Obama and the Middle Class: Two Big Blindspots
I am thankful each and every day that Barack Obama won the 2012 election, and that he is our president instead of Mitt Romney. The current version of the Republican Party is the most extreme, cynical, and utterly heartless group of people I have ever witnessed in American politics- and I have witnessed a lot in my 30-plus years in politics. I am proud of the president for the good things he has done on many different issues, and for many of the fights he has chosen to take on.
But on economic policy, and especially on fighting for the middle class, this President has two blind spots the size of a Mack truck.
The first is Wall Street. Obama’s first term Secretary of the Treasury Tim Geithner believed that the most important thing in making the economy work better was to help the biggest banks on Wall Street, and Obama’s current Attorney General openly admits in official testimony to Congress that he is hesitant to prosecute criminals who are executives at big banks because it might hurt those companies, and therefore, apparently, the broader economy. These policies are bad economics, bad morality, and bad politics. This allegiance to Wall Street’s interests has drained vast amounts of money out of productive investments in the real economy, put millions of homeowners underwater on their mortgages or into foreclosure, made big bank execs feel free to commit financial fraud, and allowed continued dangerous speculation in our financial markets that could lead to another financial panic in the not too distant future. These pro-Wall Street policies have slowed the economy down dramatically. Favoring the biggest banks over the rest of the economy is terrible policy if you want to help the middle class.
The other huge blind spot is on Obama’s great desire to strike this “grand bargain”, including cutting Social Security and Medicare benefits.

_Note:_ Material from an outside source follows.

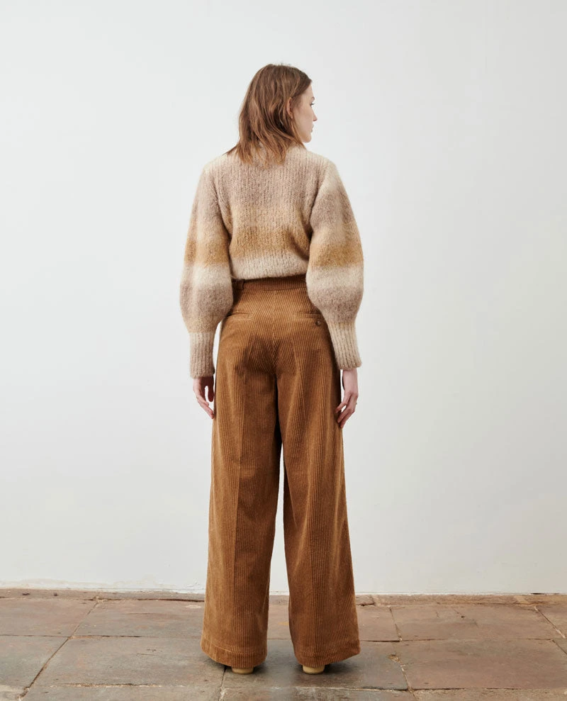 Sessun Andree Malt Trousers, a neutral beige cord style trouser. With high rise and a flared fit, the Andree is a flattering trouser complete with classic zip closure and belt loops.

He seems obsessed with the idea, offering it up to the Republicans over and over and over again, no matter how many times they say no. He is dead wrong on this issue, and Democrats in Congress should fight him on it tooth and nail.
On Medicare, there are plenty of ways to save serious money without hurting seniors. Negotiate drug prices, for example. Bring younger, healthier people into the Medicare pool. Ask hospitals, who cut a sweet deal in the health reform negotiating process, to find more cost savings. Squeeze the medical equipment industry more. Re-orient health care toward paying for good outcomes rather than fee for service. There’s a ton of savings to be had if we would take on the big health industry special interests, but Republicans have no interest in doing that. They want to squeeze those old people Paul Ryan describes as the “takers” in society. And because Obama wants to have a grand bargain with the Republicans, he has at various points offered up raising the retirement age (although he seems to have backed away from that offer, which is good given that the blue collar folks helped by Medicare and Social Security don’t enjoy the benefits of longer life expectancy nearly as much as high income people) and means testing Medicare. Do these proposals make good sense? Do they help the middle class? Who cares, we have to be bipartisan!
On Social Security, the president keeps suggesting a benefit cut called Chained CPI. The theory is that when inflation goes up, people can always substitute lower cost items- you know, if the cost of Ferraris heads north you can always switch to buying a Cadillac. The problem is that most seniors these days are retiring without pensions, their houses are worth less than used to be, and they don’t have the kind of savings that earlier generations of seniors did. They aren’t choosing between Ferraris and Cadillacs, they are choosing between cottage cheese and Velveeta at the grocery store. The product substitution thing on inflation that economists theorize about just doesn’t work with people on low fixed incomes.